The risk of damage and reduced performance increases as devices become older. Saarela explains that the idea behind predictive maintenance is to opt for either inspection, repair or renewal in advance, based on the item and need in question.
– Predictive condition monitoring provides good basic data when deciding on maintenance. Detailed data on the use history, load, and environmental conditions is needed, in addition to information on symptoms. This enables successful maintenance, based on data analytics, as part of component lifecycle management. For example, it can provide information on the condition of bearings via sensors. If failures are rare, comprehensive measurement data cannot be acquired to be used as inputs in purely data-based computing models. In such a case, calculation reliability can be improved by incorporating knowledge of the physics and the chemistry of failure mechanisms and other relevant phenomena in the model.
Cost-effectiveness is based on good decisions
Effective and predictive maintenance utilises machine or plant operation and inspection data It reduces the fouling of components, prevents damage, and maintains operation.

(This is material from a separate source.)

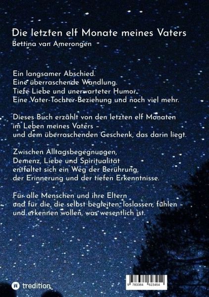 Dieses Buch erzählt in poetischer Tiefe und bewegender Ehrlichkeit von den letzten elf Monaten im Leben eines dementen Vaters - und vom inneren Weg seiner Tochter. Zwischen Begegnung, Rückblick und spiritueller Erkenntnis entfaltet sich ein Mosaik aus Liebe, Humor, Sterblichkeit und Transformation. Die Autorin verbindet persönliche Erlebnisse mit therapeutischem Wissen und spiritueller Orientierung. Das Buch schenkt den Lesern einen überraschend leichten und intimen Zugang zu einem existenziellen Thema: Wie können wir unsere Eltern auf ihrem letzten Weg begleiten und dabei selbst innerlich wachsen? Und es lässt aufatmen, wenn die entstehenden Dynamiken dieses Abschiedsprozesses in Einfachheit durchleuchtet und verstanden werden. So lädt es ein, alte Familienwunden zu heilen und Mut für den Umgang mit Demenz, Abschied und Beziehung zu schöpfen.

On the other hand, in process plants component lifecycles are shortened by corrosive substances in synergy with the operating temperature, the internal cyclic thermal load, and mechanical load caused by pressurised water and steam.
Predictive maintenance aims to identify a plant's critical components and evaluate their condition through monitoring, condition inspections, and data analysis.
– Greater cost-effectiveness requires good decisions, which in turn require data from a range of sources such as condition inspections, material analysis, and process data, combined with understanding of failure mechanisms.